Canary deployments with sidekiq

Sidekiq kind of revolutionized background job processing in ruby.
By providing very fast, threaded workers and inventing it’s own profitable Open-Source business model, it is really something to look at.

This article will not take a business oriented look at sidekiq though.
Any application will, at some point, require a sensitive refactoring that you want to have fully tested before shipping it.
Canary deployments will allow us to do that.

Canary what?

From the Martin Fowler blog

Canary release is a technique to reduce the risk of introducing a new software version in production by slowly rolling out the change to a small subset of users before rolling it out to the entire infrastructure and making it available to everybody.

In the context of sidekiq, a canary deployment will allow us to make changes to our workers, and have only a small percentage of jobs use the new version.
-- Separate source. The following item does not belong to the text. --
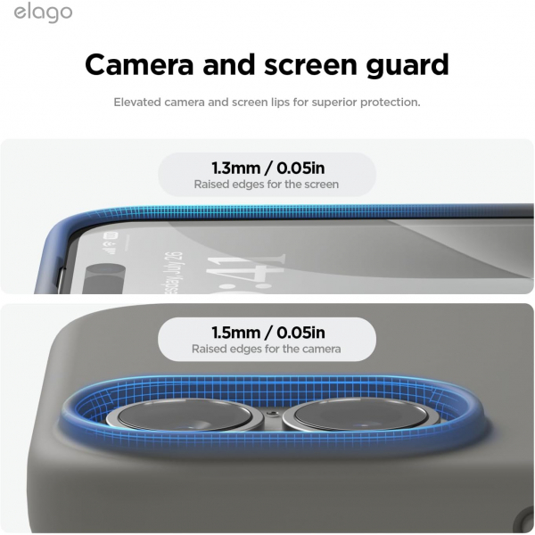 Yükseltilmiş dudak, ekranı ve kamerayı doğrudan yüzey temasından kaynaklanan çizilmelere karşı korumaya yardımcı olur.

If one job fails because of the change, sidekiq will retry it, highly probably in your main worker, preventing the error from happening again.

It will allow you to monitor a refactoring for any unexpected break, rollback easily (you just need to bring the percentage of jobs using the canary to 0) and promote the change to all workers once you are ready.

Sidekiq-canary

Sidekiq Canary will allow you to do canary deployments with sidekiq. We could represent it as the following:

sidekiq canary diagram

Your main app will trigger sidekiq jobs, as it currently does.
Right now, your main sidekiq process executes those jobs.
Using Heroku, this sidekiq runs on the same app as your main one, except it’s a different process type.

Your canary process will be a different app, so you can deploy it without having to deploy your main app. It will need to connect to the same redis instance, so it shares the same jobs queue.

However, you need to have this canary worker execute the default_canary queue instead of default.
You can achieve this with the following:

bundle exec sidekiq -q default_canary

Once this architecture is setup, you can set the DEFAULT_CANARY_PERCENT environment variable on your main app to an integer between 0 and 100.

Once you have defined this environment variable, all jobs on the default queue will have X of 100 chances of running on your canary. All other jobs will run on your main process.

While your canary runs, you can monitor failures or any other related metrics to make sure no edge case have been broken by this change.

When you feel confident enough about the change, you can fully deploy it to your main app and have it used by all jobs.

Gotchas

Sidekiq canaries will pick jobs randomly. This means it is awesome for refactorings. But not so much for customer-facing or database changes as both the old version and the new one need to work.

Upgrading to the newest version of a library would be an excellent use case.
Changing the actions you perform on user registration (from sending an email to sending a text for example) wouldn’t so much, as users would sometimes receive one and sometimes the other.

Faim

Canary deployments are a an awesome way to improve your platform’s stability as they will allow you to experiment new changes while reducing the risk that they could entirely break your service.

You will probably want to get more from sidekiq-canary though, to monitor which job happens in what queue, or allow some jobs to always run on the canary even if the percentage is at 0.
If you look at the sidekiq-canary code, it is extremely simple on purpose. Fork away and adapt to your needs!